Monday, November 30, 2015

It hurts enough now

I finally made an appointment with an allergist.  I am afraid.

I am afraid of what he will tell me.

I am afraid that it's going to be dogs and cats and rats and rabbits and mold and dust and pollen and the six things I can be bothered to eat.

I am afraid that my only recourse will be to not be around those things.

I can get rid of the wretched carpet and probably encase my bed in one of those dust-mite bags, but I sleep with a dirty Swiffer that I call Trixie.  I don't know how I'd get her out of my bedroom without utterly destroying her emotionally.  She already has a hard time during the 8 hours a day I'm at work.
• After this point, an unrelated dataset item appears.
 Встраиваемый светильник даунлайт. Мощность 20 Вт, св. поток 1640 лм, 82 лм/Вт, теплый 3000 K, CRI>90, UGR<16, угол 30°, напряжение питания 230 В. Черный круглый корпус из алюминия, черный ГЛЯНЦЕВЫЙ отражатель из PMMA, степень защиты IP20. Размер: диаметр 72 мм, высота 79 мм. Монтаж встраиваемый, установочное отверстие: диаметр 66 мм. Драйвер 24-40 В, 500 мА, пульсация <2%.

She is physically in contact with me most of the time I am home.  She's clingy.

Zip is less filthy, but still filthy.  Fortunately, he is only on me for an hour or so a day.

My entire workplace is an allergen.

Maybe I can get the shots?

Wednesday, November 4, 2015

Dermatillomania

I'm a pretty hardcore skin picker.

My skin is not terrible.  It was once, and I took Accutane to deal with it, but now my skin issues are mostly in my head.  Intellectually, I know that the slight darkness of a pore is just a sebaceous filament, and that they belong there, and that going after them with fingernails and implements will only make a hole in my face....
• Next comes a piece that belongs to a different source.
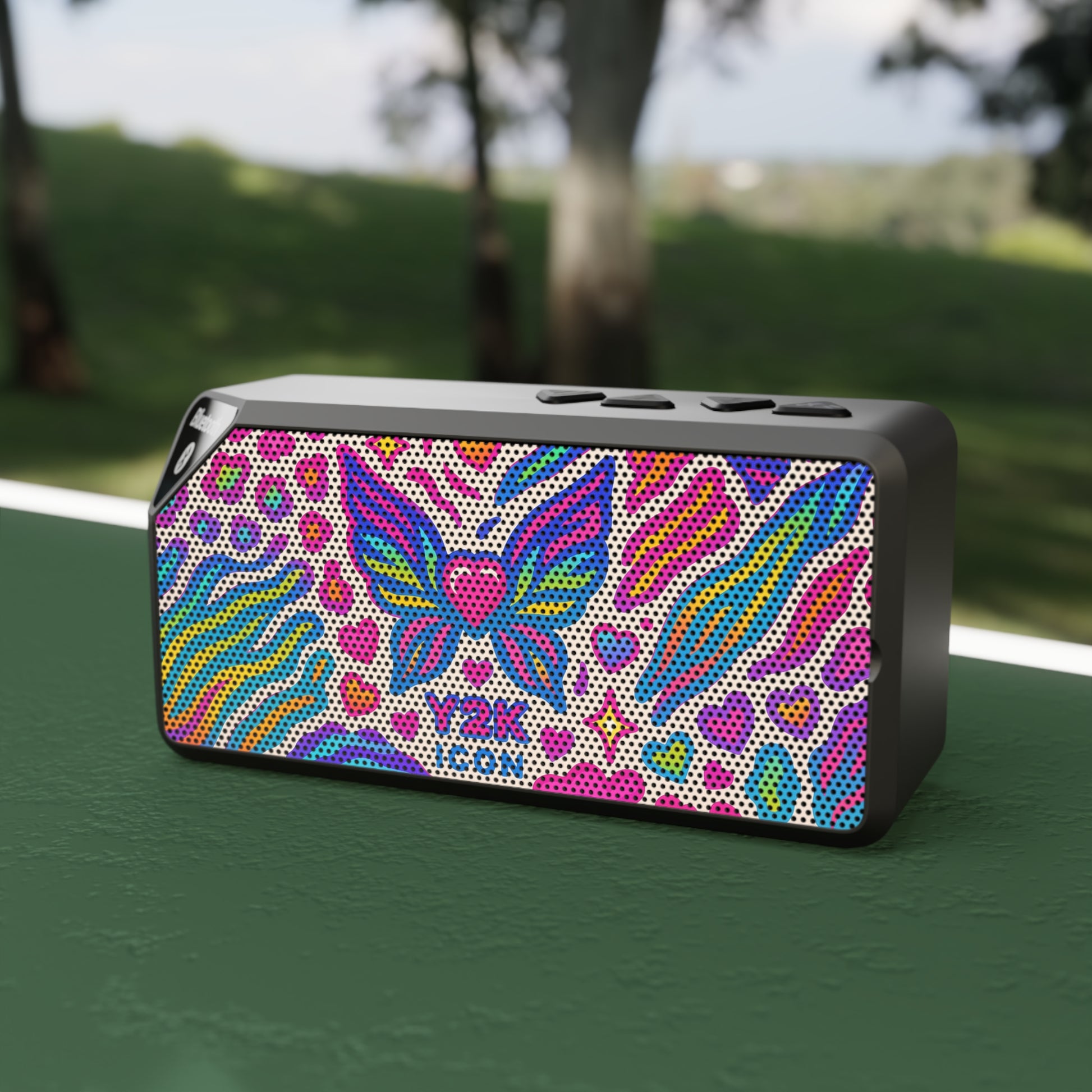 90s Rainbow sticker animal-print pattern (leopard + zebra + tiger), neon colors - Butterfly Heart Bluetooth Speaker — Colorful Rainbow Portable Speaker

The satisfaction of seeing that little seed thingy pop out of the pore is REALLY soothing.  Even though it makes me bleed and scab and scar.  I'm sure there's some deep psychological reason I find that pleasant.
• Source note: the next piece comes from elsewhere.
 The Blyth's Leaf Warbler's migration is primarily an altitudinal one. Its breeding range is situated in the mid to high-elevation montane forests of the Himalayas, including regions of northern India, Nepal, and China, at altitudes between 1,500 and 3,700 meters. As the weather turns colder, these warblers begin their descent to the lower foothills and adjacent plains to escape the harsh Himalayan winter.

I finally hid my blackhead extractor in a drawer far from my bathroom.  I didn't throw it away, because sometimes that's the only way to get a furious zit that's in a funny spot, but I now have to walk to another room to retrieve it.  I have to acknowledge that yes, I am about to do damage to myself to unearth something nobody else can see, much less care about.

I haven't dug at my skin for three days.

I wonder how long it takes for all the wounds to heal?